Before casting off, every piece of safety equipment aboard a Tidewater vessel is tested, including the ALERT System. The company implemented a Pre-Voyage Checklist and Compulsory Test/Inspections Form that boat captains follow. This ensures nothing is overlooked.
This attention to detail is why Tidewater has such a notable safety record. “We have high expectations,” continued Collins. “Our goal is ‘target zero’—no injuries or spills.” The company has a robust 6-month training phase for new employees, including fire and MOB drills, that instills the importance of safety.
Once the employee becomes an unsupervised deck mechanic and is assigned to a crew, the hands-on training has become second nature. Tidewater uses a behavioral-based safety program that uses observations of safe and at-risk conduct, and relies on peer-to-peer feedback. Vessel groups have a target number of observations to conduct.
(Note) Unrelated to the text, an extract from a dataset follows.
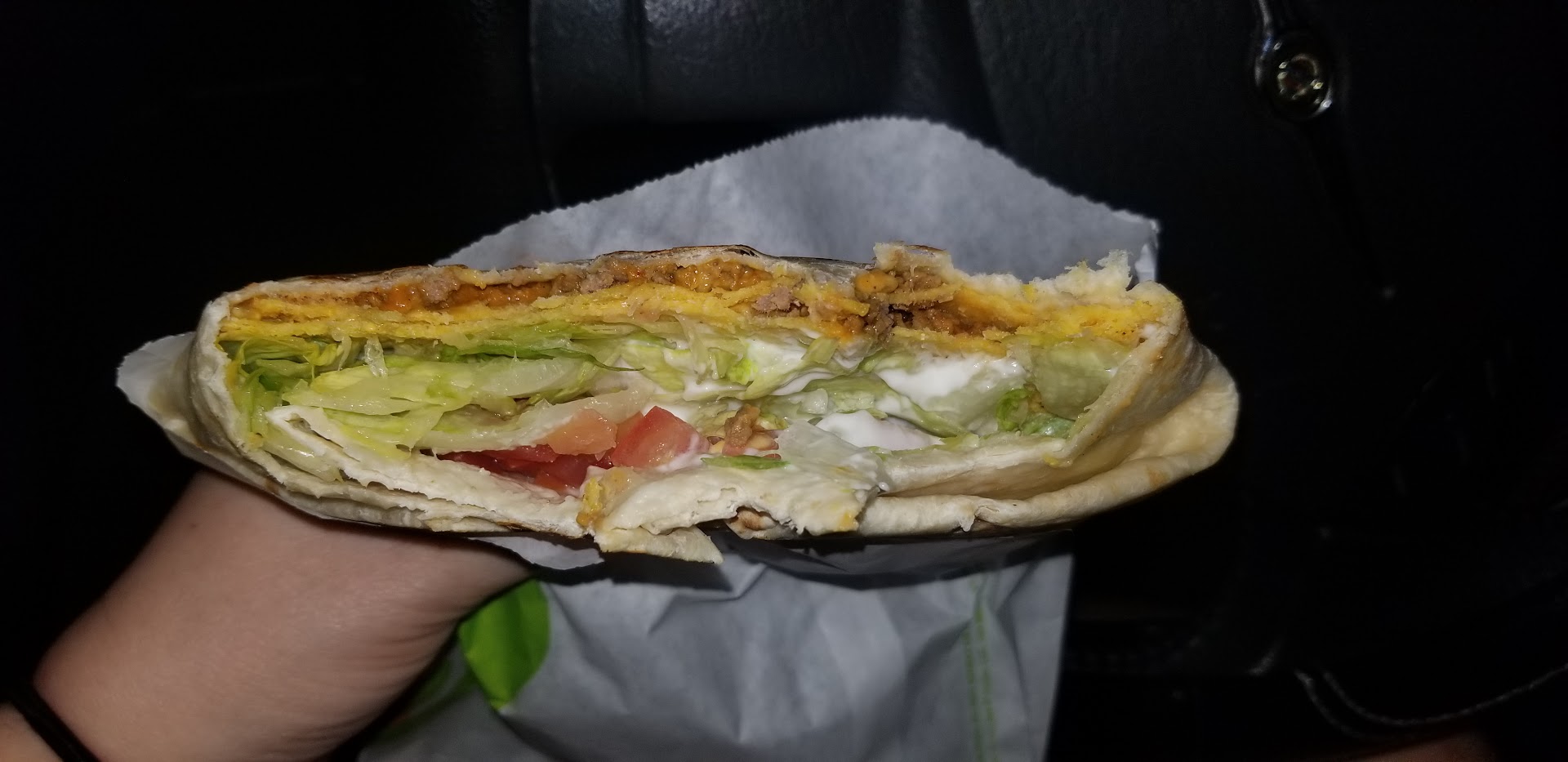 I ordered the Triple Double Crunchwrap. It was horrible. It was mostly lettuce, there was no flavor, and there was hardly any meat at all... which is probably why it was flavorless... According to the picture on the menu, there's supposed to be 2 layers of meat, but as you see in my picture, I can't even rightly say there was one layer of it. The mini beef quesadilla was good though. Probably because there was meat...

It’s a proactive leading indicator system that augments the company’s traditional safety programs.
For 85 years, Tidewater Transportation & Terminals has provided marine transportation, terminal and railcar storage services to the Pacific Northwest. Dedicated to the well-being of its employees, the cargo it carries and the environment, its operations span 465 miles of the Columbia and Snake Rivers. Its website is www.tidewater.com.